REQUIRED WORK — Word for word, please copy the listing below, with its pictures left out.

DATASET CONTENT —
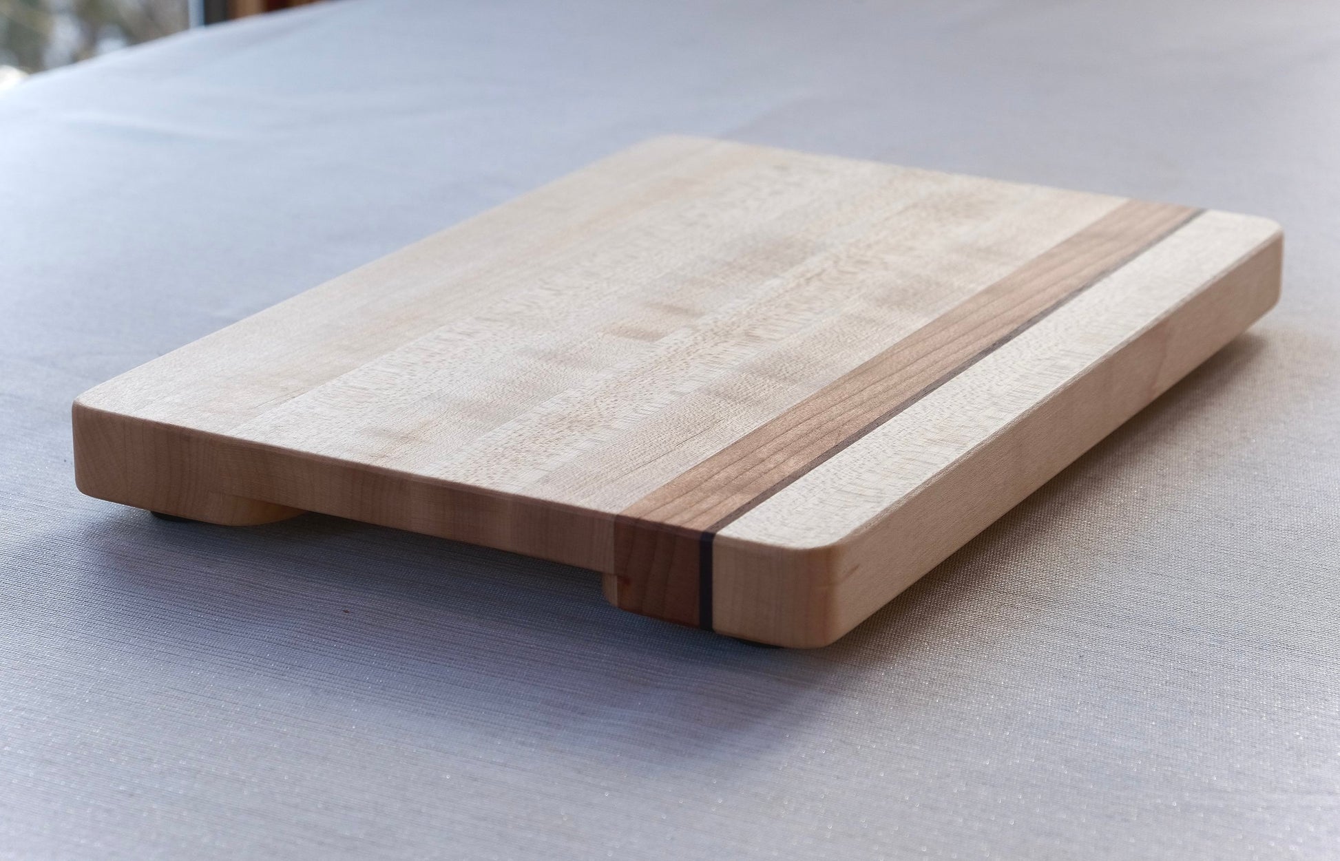 Petite planche à découper en bois d'érable avec des insertions en bois de noyer et de cerisier.
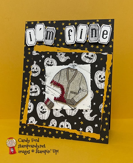 I decided to make my own version with the sweater from the Forever Friendship stamp set. Just FYI, the Dark Cherry Cobbler Stampin’ Blends Marker is great for blood…ya know, just in case you ever need it. I used the black ink pad to grunge up the layers on the front and the inside. The one time I didn’t get an ink smudge on the card, and I wanted to!
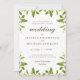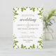 Estes convites para o casamento são decorados com lindas designs verdes por todas as bordas, e um fundo branco limpo. Personalize facilmente o texto com o seu próprio convite de casamento. Aqui está a placa RSVP correspondente:
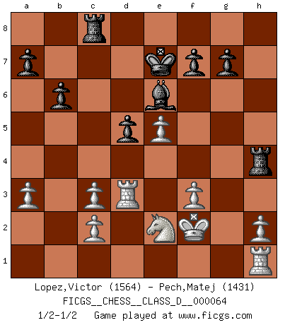 Last move : 1/2-1/2 2008 May 13 1:55:6 [Event "FICGS__CHESS__CLASS_D__000064"] [Site "FICGS"] [Date "2007.10.19"] [Round "1"] [White "Lopez,Victor"] [Black "Pech,Matej"] [Result "1/2-1/2"] [WhiteElo "1564"] [BlackElo "1431"] 1.e4 e6 2.d4 d5 3.exd5 exd5 4.Nc3 Bb4 5.Bd3 Nc6 6.a3 Bxc3+ 7.bxc3 Nf6 8.Ne2 O-O 9.O-O Na5 10.Ng3 Nc4 11.Re1 Bg4 12.f3 Be6 13.Bf4 b6 14.Be5 Re8 15.Qc1 h6 16.Qf4 Nxe5 17.dxe5 Nd7 18.Bb5 c6 19.Bxc6 Rc8 20.Bxd7 Qxd7 21.Nh5 Qe7 22.Re3 Rc4 23.Qg3 Qg5 24.Qxg5 hxg5 25.Ng3 g4 26.Ne2 gxf3 27.gxf3 Rec8 28.Rd3 Kf8 29.Kf2 Ke7 30.Rb1 Rh4 31.Rh1 1/2-1/2 French : Exchange variation Kingside Castling by player Black (move 8) Kingside Castling by player White (move 9) This chess game ended in a draw. Follow this game move after move (download)Fischer is under obligation to nobody. (Joseph Platz) Woher wissen wir, daß der Neanderthaler Blindschach gespielt hat? -- Bei Ausgrabungen wurden keine Schachbretter und Figuren gefunden. (Anonymous) Aquellos que dicen que entienden al Ajedrez, no entienden nada. (Robert Hubner) Si je n'étais pas joueur d'échecs, je serais le meilleur dans quelque chose d'autre. (Anatoli Karpov) God, you are such an idiot. - Actually, I thought I was more of a jerk. (Gregory House to Stacy Warner, House M.D.)
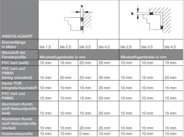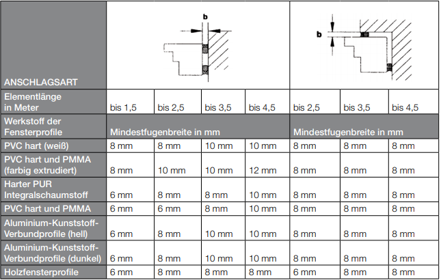 Para que se cometa o menor número possível de erros no dimensionamento das cintas de vedação pré-comprimidas , o ift Rosenheim elaborou a tabela seguinte . A comparação da Tabela 1 com a Tabela 2 mostra rapidamente que a junta pode ser mais estreita com a utilização de cintas de vedação do que com a utilização de vedantes pastosos. Esta é uma clara vantagemeconómica das fitas de vedação.
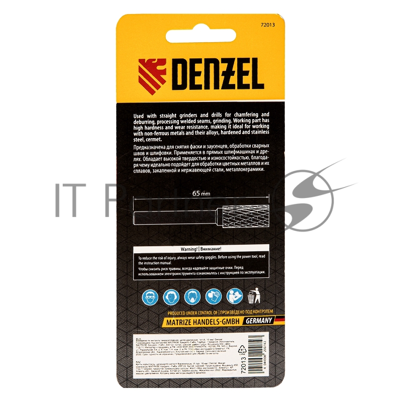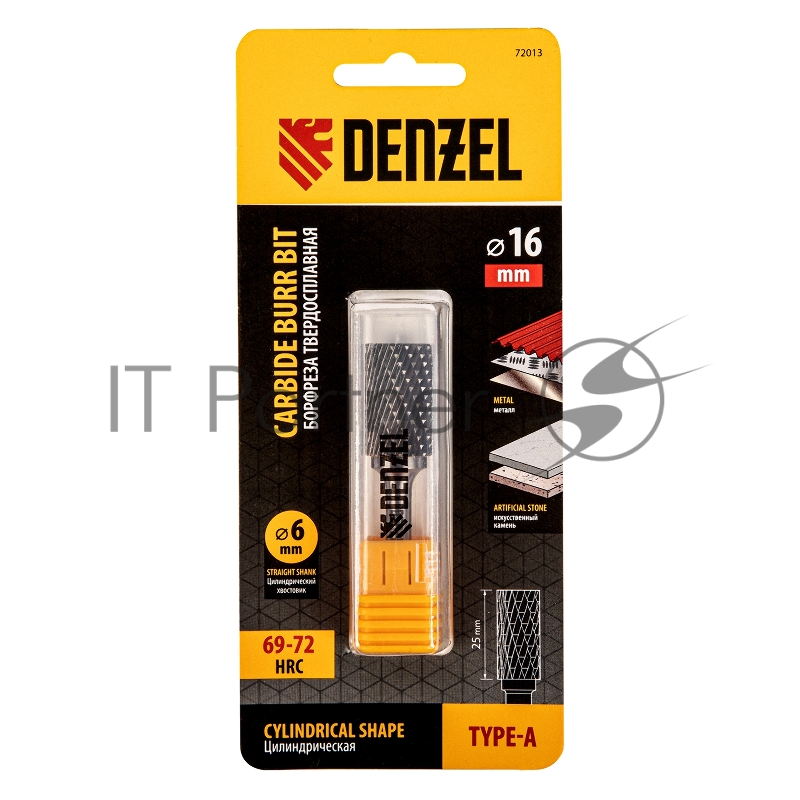 Борфреза по металлу твердосплавная, цилиндрическая, тип-А, 16 мм// Denzel
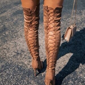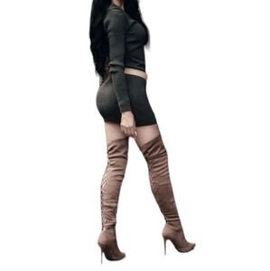 Corset Lace Thigh High Tall Stiletto Over The Knee Boots
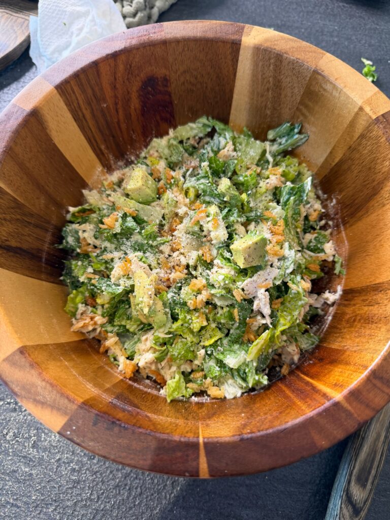 Dice an avocado into the romaine. Add in your chicken, crispy rice, & grated parmesan directly into the salad.

SOLVED PROBLEM —
 Petite planche à découper en bois d'érable avec des insertions en bois de noyer et de cerisier.
 I decided to make my own version with the sweater from the Forever Friendship stamp set. Just FYI, the Dark Cherry Cobbler Stampin’ Blends Marker is great for blood…ya know, just in case you ever need it. I used the black ink pad to grunge up the layers on the front and the inside. The one time I didn’t get an ink smudge on the card, and I wanted to!
 Estes convites para o casamento são decorados com lindas designs verdes por todas as bordas, e um fundo branco limpo. Personalize facilmente o texto com o seu próprio convite de casamento. Aqui está a placa RSVP correspondente:
 Last move : 1/2-1/2 2008 May 13 1:55:6 [Event "FICGS__CHESS__CLASS_D__000064"] [Site "FICGS"] [Date "2007.10.19"] [Round "1"] [White "Lopez,Victor"] [Black "Pech,Matej"] [Result "1/2-1/2"] [WhiteElo "1564"] [BlackElo "1431"] 1.e4 e6 2.d4 d5 3.exd5 exd5 4.Nc3 Bb4 5.Bd3 Nc6 6.a3 Bxc3+ 7.bxc3 Nf6 8.Ne2 O-O 9.O-O Na5 10.Ng3 Nc4 11.Re1 Bg4 12.f3 Be6 13.Bf4 b6 14.Be5 Re8 15.Qc1 h6 16.Qf4 Nxe5 17.dxe5 Nd7 18.Bb5 c6 19.Bxc6 Rc8 20.Bxd7 Qxd7 21.Nh5 Qe7 22.Re3 Rc4 23.Qg3 Qg5 24.Qxg5 hxg5 25.Ng3 g4 26.Ne2 gxf3 27.gxf3 Rec8 28.Rd3 Kf8 29.Kf2 Ke7 30.Rb1 Rh4 31.Rh1 1/2-1/2 French : Exchange variation Kingside Castling by player Black (move 8) Kingside Castling by player White (move 9) This chess game ended in a draw. Follow this game move after move (download)Fischer is under obligation to nobody. (Joseph Platz) Woher wissen wir, daß der Neanderthaler Blindschach gespielt hat? -- Bei Ausgrabungen wurden keine Schachbretter und Figuren gefunden. (Anonymous) Aquellos que dicen que entienden al Ajedrez, no entienden nada. (Robert Hubner) Si je n'étais pas joueur d'échecs, je serais le meilleur dans quelque chose d'autre. (Anatoli Karpov) God, you are such an idiot. - Actually, I thought I was more of a jerk. (Gregory House to Stacy Warner, House M.D.)
 Para que se cometa o menor número possível de erros no dimensionamento das cintas de vedação pré-comprimidas , o ift Rosenheim elaborou a tabela seguinte . A comparação da Tabela 1 com a Tabela 2 mostra rapidamente que a junta pode ser mais estreita com a utilização de cintas de vedação do que com a utilização de vedantes pastosos. Esta é uma clara vantagemeconómica das fitas de vedação.
 Борфреза по металлу твердосплавная, цилиндрическая, тип-А, 16 мм// Denzel
 Corset Lace Thigh High Tall Stiletto Over The Knee Boots
 Dice an avocado into the romaine. Add in your chicken, crispy rice, & grated parmesan directly into the salad.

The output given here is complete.